Lloyd Engel

"Microwave and rf spectroscopy of two-dimensional electron solids"

When:
February 11, 2011
Time:
03:00 PM - 04:00 PM
Location:
PHYS 242
Speaker:
Lloyd Engel
Lloyd Engel
National High Magnetic Field Laboratory, Florida State University
Details:
http://www.magnet.fsu.edu/search/personnel/getprofile.aspx?fname=Lloyd&lname=Engel&id=757032c5-7aa3-434f-9f88-07530fcef37d

Two-dimensional electron systems (2DES) in high magnetic field are well known for  the integer and fractional quantum Hall effects,   but   also have ground states  with broken spatial symmetry, including crystalline solids, and  phases with stripes of charge density.     The archetypical electron solid, expected to be the ground state of disorder-free 2DES in the high magnetic field  or low density limit, is the Wigner crystal, a triangular lattice of electrons stabilized by their mutual repulsion.   

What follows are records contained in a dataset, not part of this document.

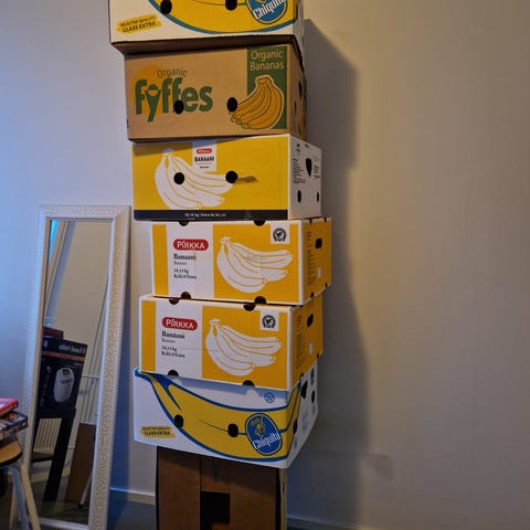 Banaanilaatikoita sekä pahvisia muuttolaatikoita. Kaikki kerralla. Vain nouto.
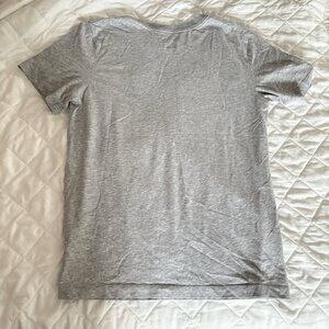 The Nike T Shirt Tee Mens Size Small in gray color features a classic basketball graphic with the iconic "Just Do It" slogan, perfect for sportswear. Made from a blend of polyester and cotton, this lightweight short sleeve tee is perfect for any occasion!
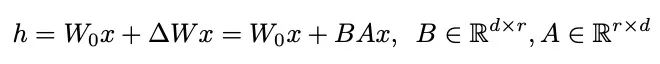 LoRA的一般公式如下,其中r是预先确定的秩,d是隐藏的大小,A和B是分解的可训练矩阵:
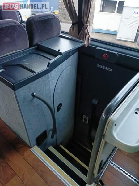 : video, WC, kabina sypialna, fotele odchylane, siateczki, ABS, ASR, tempomat, retarder, CD, podnóżki, stoliczki, mikrofon, klimatyzacja, radio, regulacja wysokości nadwozia, podwójne szyby boczne, elektryczne lusterka, DVD, ESP
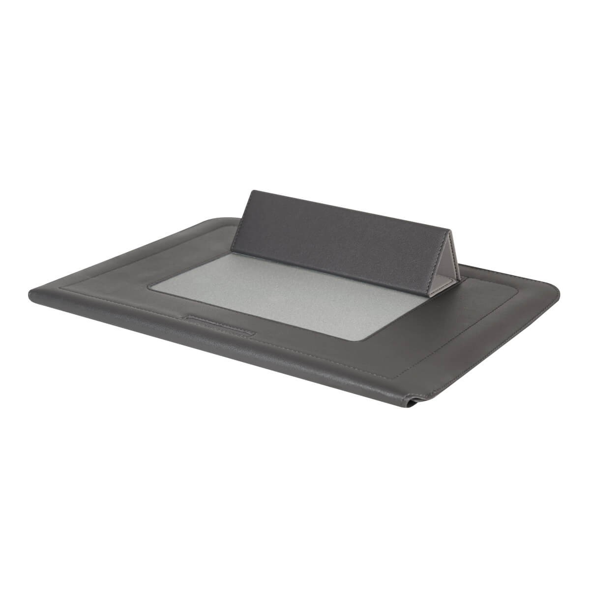 Funda para laptop de hasta 15. Su diseño se dobla ingeniosamente para convertirse en un soporte ergonómico, permitiéndote trabajar de manera más cómoda en cualquier lugar. El cierre con solapa magnética asegura un acceso rápido y fácil, mientras qu
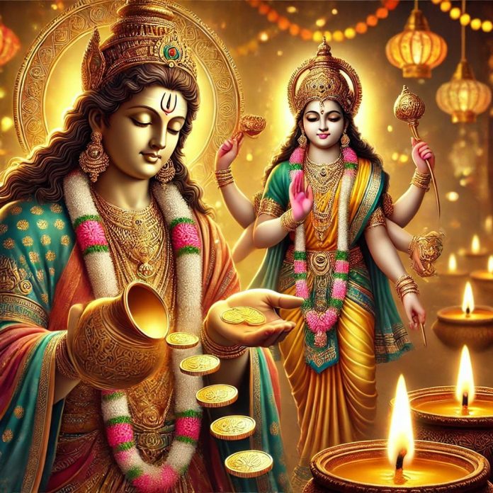 4. कुबेर व लक्ष्मी माता यांची मूर्ती ठेवा: एक चौरंग किंवा पाटावर लक्ष्मी माता आणि कुबेर देव यांच्या प्रतिमा ठेवा. त्यासमोर एक तांब्याचा कलश ठेवावा.
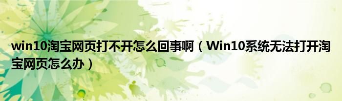 大家好,今天小悦来为大家解答以上问题。win10淘宝网页打不开怎么回事啊,Win10系统无法打开淘宝网页怎么办很多人还不知道,现在让我们一起来看看吧!
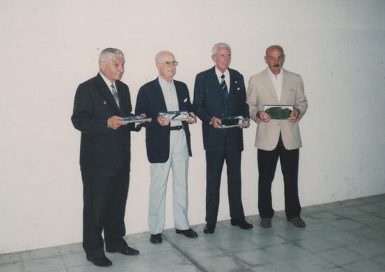Cuando se inaugura la cancha “cerrada” siendo Presidente don Plácido Crego y por iniciativa de don Eduardo González, que era en ese momento el “cantinero” del Club. se hicieron las gestiones para que el día de la inauguración, el primer partido lo hicieran los chicos que estaban todos los días, las parejas fueron así; Perico Benazzi-Pillín Versacci y Tito Benazzi-Alfredo Chiste.—Cuando en Enero 2001 se cumplieron los 60 años de la inauguración de la cancha cerrada, recibimos un reconocimiento por ser los primeros que habíamos jugados en el año 1941.
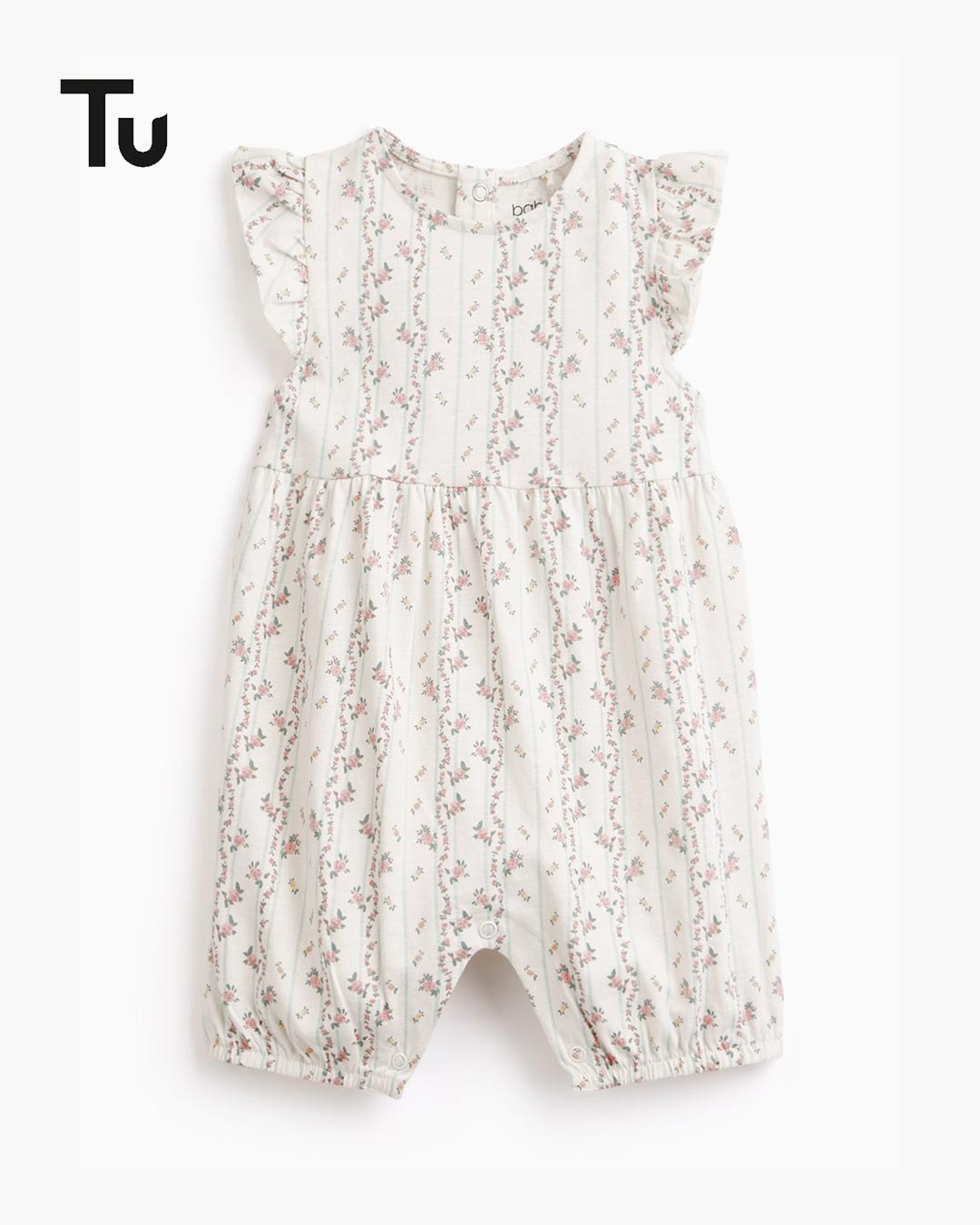Practical and cute, this baby romper features a delicate print all over and frill detailing on short capped sleeves. Finished with press-button fastenings for care-free dressing.
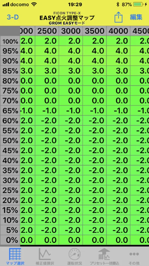 - + 20 / - 20 degree spark advance / delay angle can be adjusted for each engine rotation / throttle position. It is also possible to adjust the dwell time.
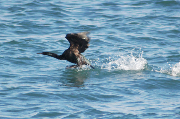 類似種 :チシマウガラスは嘴が太くて白っぽく見え、繁殖期には額も赤い。ウミウは大きくて頚が太く、顔には白色部がある。
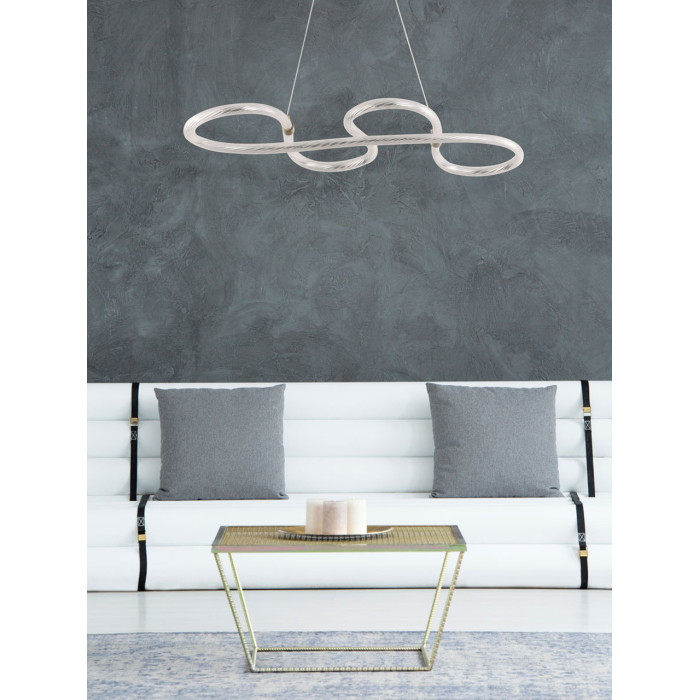 Актуальный цвет бронзы и качественная гальваника сохраняют привлекательный вид люстры на долгие годы. Прозрачный акрил с линейным рисунком создает интересный эффект игры света и тени. Благодаря единой плавно изогнутой линии плафону люстра становится интересным элементом интерьера. Светодиодные источники света экономичны и безопасны.Металлическое основание подвесной люстры гальванизировано в цвет бронзы. Светодиодный источник света закрыт оригинальным плафоном изогнутой формы, выполненным из прозрачного литьевого акрила.

We have found that a striking rf or microwave resonance in the spectrum is a generic feature of the electron solids or stripes, with observed resonance frequencies ranging from 70 MHz   to 10 GHz.   The electron solids are insulators due to pinning by disorder, and the resonances are interpreted as “pinning modes”,  in which crystalline domains oscillate within the disorder potential.    After introducing the phenomenology of the resonances, I will present results on  Wigner solids of exotic excitations of quantum Hall effects: skyrmions within the integer quantum Hall effect  at Landau filling n=1, and  fractionally charged quasiparticles  within the 1/3 fractional quantum Hall effect.